[RECORD EXTRACTS — start]

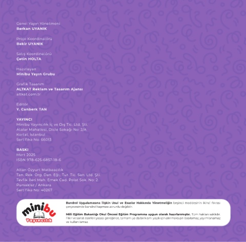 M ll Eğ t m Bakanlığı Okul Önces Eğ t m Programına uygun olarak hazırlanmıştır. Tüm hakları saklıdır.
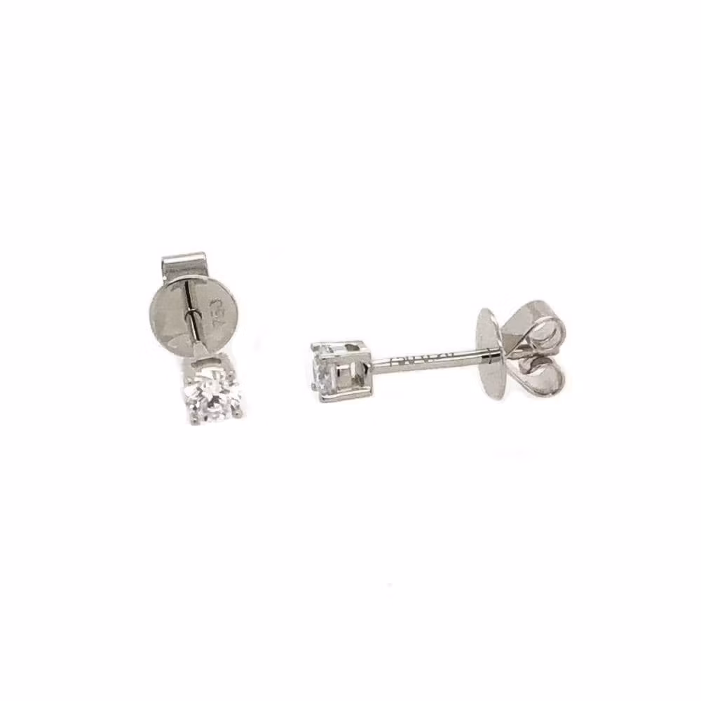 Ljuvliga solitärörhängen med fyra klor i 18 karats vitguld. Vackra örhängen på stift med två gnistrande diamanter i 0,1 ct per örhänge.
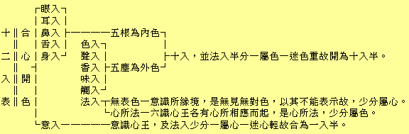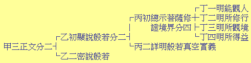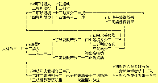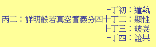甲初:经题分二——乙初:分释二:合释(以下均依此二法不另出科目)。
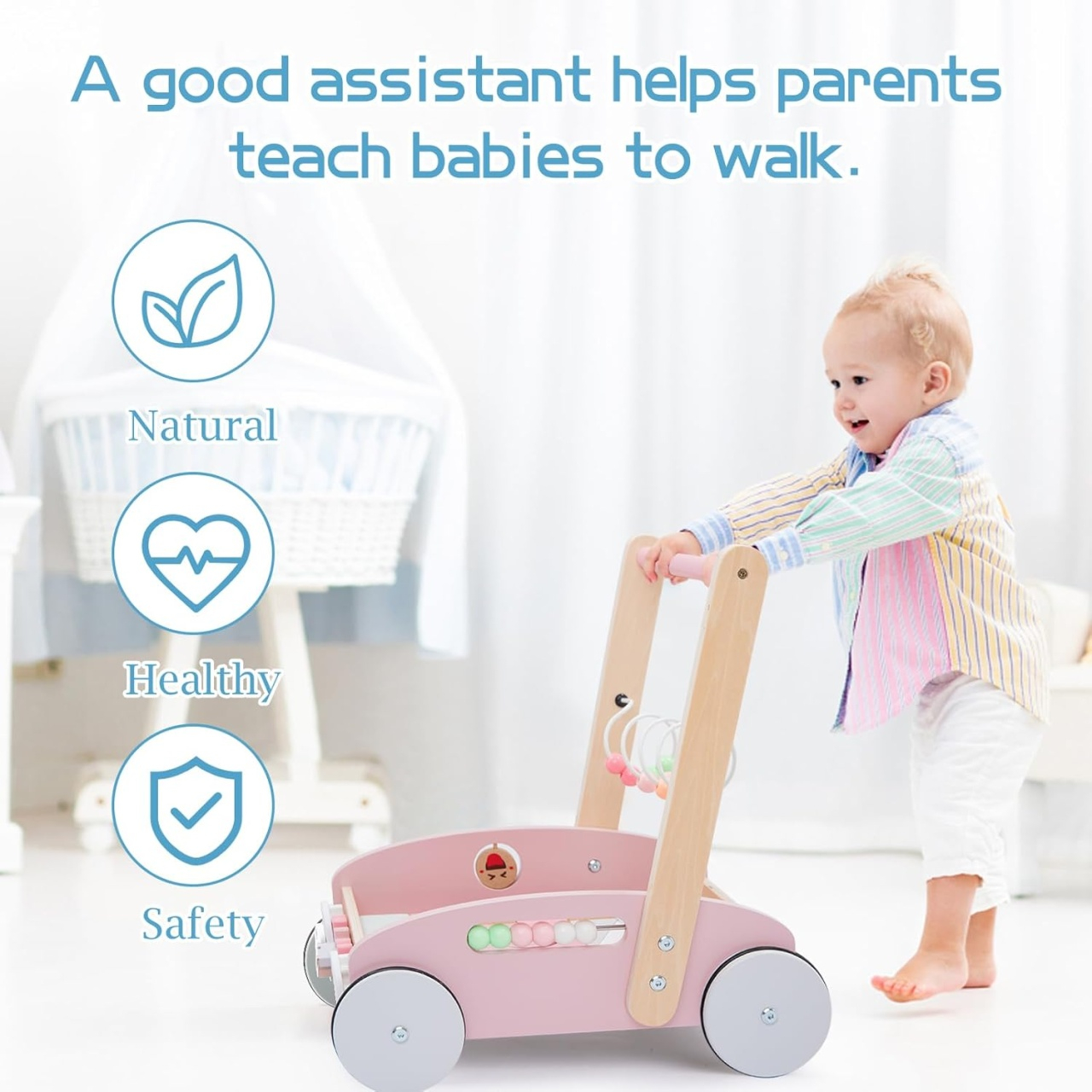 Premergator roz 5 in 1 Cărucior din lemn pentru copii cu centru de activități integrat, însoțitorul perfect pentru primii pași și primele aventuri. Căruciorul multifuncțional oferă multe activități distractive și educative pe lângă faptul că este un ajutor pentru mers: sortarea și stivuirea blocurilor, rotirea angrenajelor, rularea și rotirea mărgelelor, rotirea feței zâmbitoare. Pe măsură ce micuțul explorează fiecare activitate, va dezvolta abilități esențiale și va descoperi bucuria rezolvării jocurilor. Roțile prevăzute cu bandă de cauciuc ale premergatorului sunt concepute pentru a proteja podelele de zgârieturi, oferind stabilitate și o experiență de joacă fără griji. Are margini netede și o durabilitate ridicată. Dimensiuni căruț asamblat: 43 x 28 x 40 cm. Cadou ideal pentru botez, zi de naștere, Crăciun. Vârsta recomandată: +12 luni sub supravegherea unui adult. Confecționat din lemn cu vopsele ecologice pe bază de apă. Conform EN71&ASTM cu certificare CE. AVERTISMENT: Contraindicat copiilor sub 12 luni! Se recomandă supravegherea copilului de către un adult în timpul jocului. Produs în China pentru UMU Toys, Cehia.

[RECORD EXTRACTS — finish]
[RECORD EXTRACTS — start]

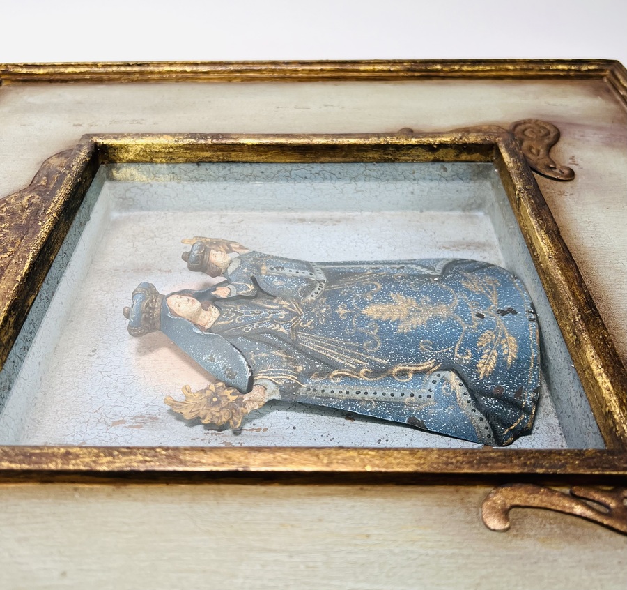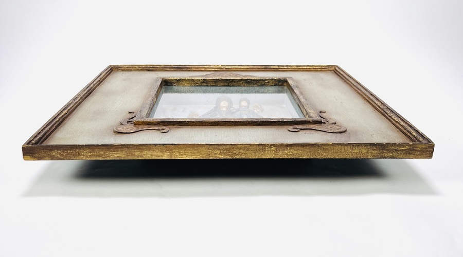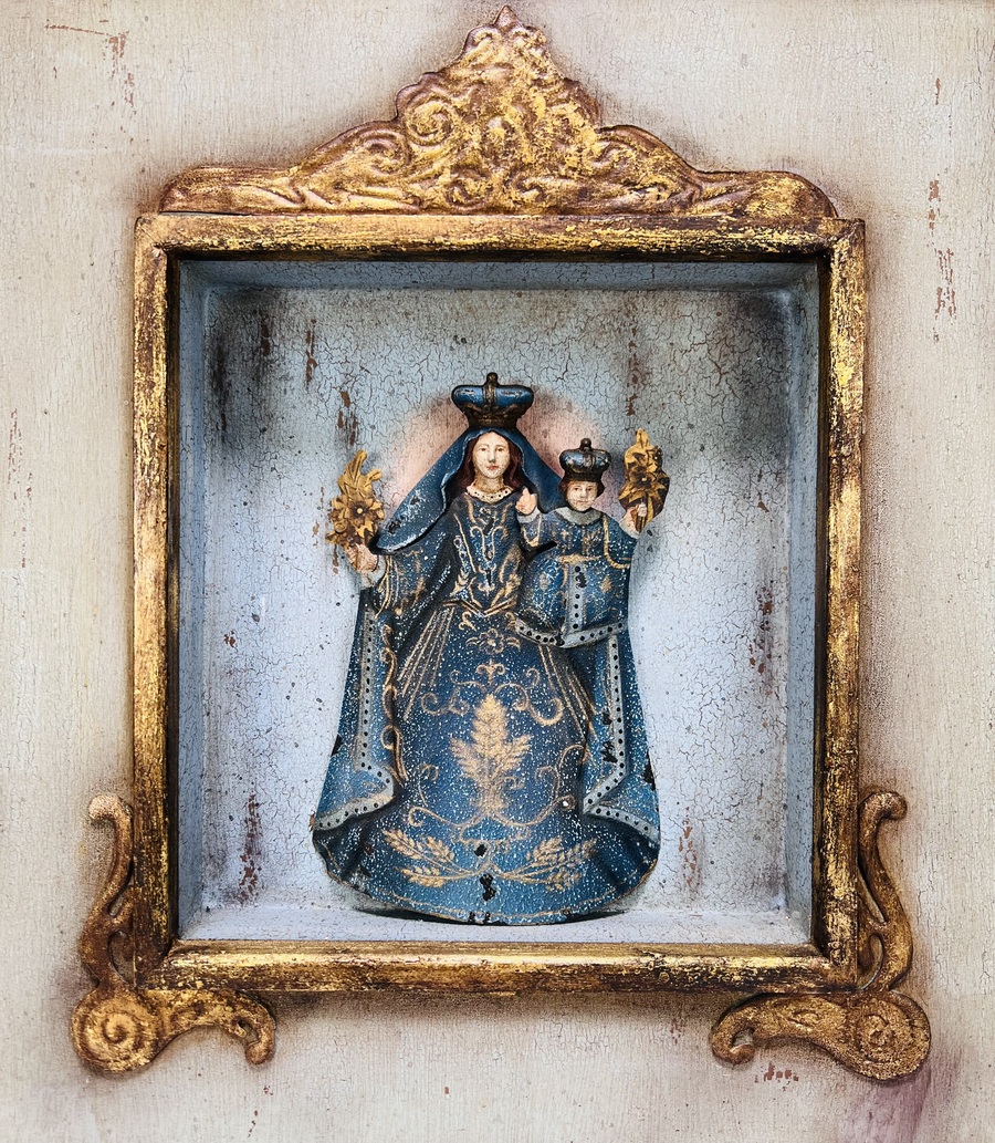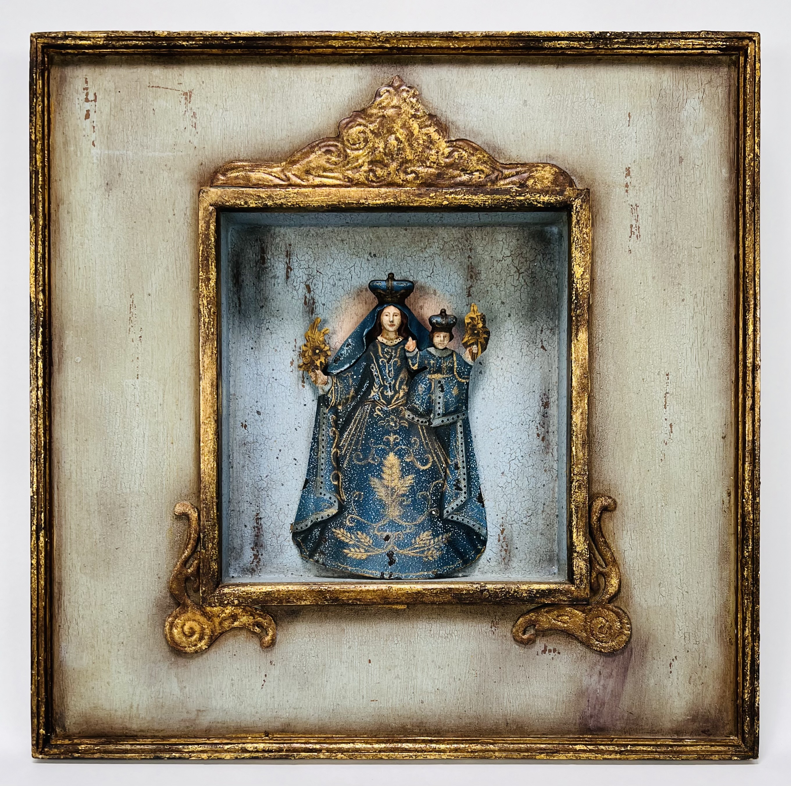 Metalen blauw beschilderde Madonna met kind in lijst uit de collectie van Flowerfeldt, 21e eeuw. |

[RECORD EXTRACTS — finish]

Leave the pictures out, and transcribe exactly the lines above starting at the one that contains "甲初:经题分二——乙初:分释二:合释(以下均依此二法不另出科目)。" and ending at the one that contains "Premergator roz 5".

_RESULT BELOW_:
甲初:经题分二——乙初:分释二:合释(以下均依此二法不另出科目)。
 Premergator roz 5 in 1 Cărucior din lemn pentru copii cu centru de activități integrat, însoțitorul perfect pentru primii pași și primele aventuri. Căruciorul multifuncțional oferă multe activități distractive și educative pe lângă faptul că este un ajutor pentru mers: sortarea și stivuirea blocurilor, rotirea angrenajelor, rularea și rotirea mărgelelor, rotirea feței zâmbitoare. Pe măsură ce micuțul explorează fiecare activitate, va dezvolta abilități esențiale și va descoperi bucuria rezolvării jocurilor. Roțile prevăzute cu bandă de cauciuc ale premergatorului sunt concepute pentru a proteja podelele de zgârieturi, oferind stabilitate și o experiență de joacă fără griji. Are margini netede și o durabilitate ridicată. Dimensiuni căruț asamblat: 43 x 28 x 40 cm. Cadou ideal pentru botez, zi de naștere, Crăciun. Vârsta recomandată: +12 luni sub supravegherea unui adult. Confecționat din lemn cu vopsele ecologice pe bază de apă. Conform EN71&ASTM cu certificare CE. AVERTISMENT: Contraindicat copiilor sub 12 luni! Se recomandă supravegherea copilului de către un adult în timpul jocului. Produs în China pentru UMU Toys, Cehia.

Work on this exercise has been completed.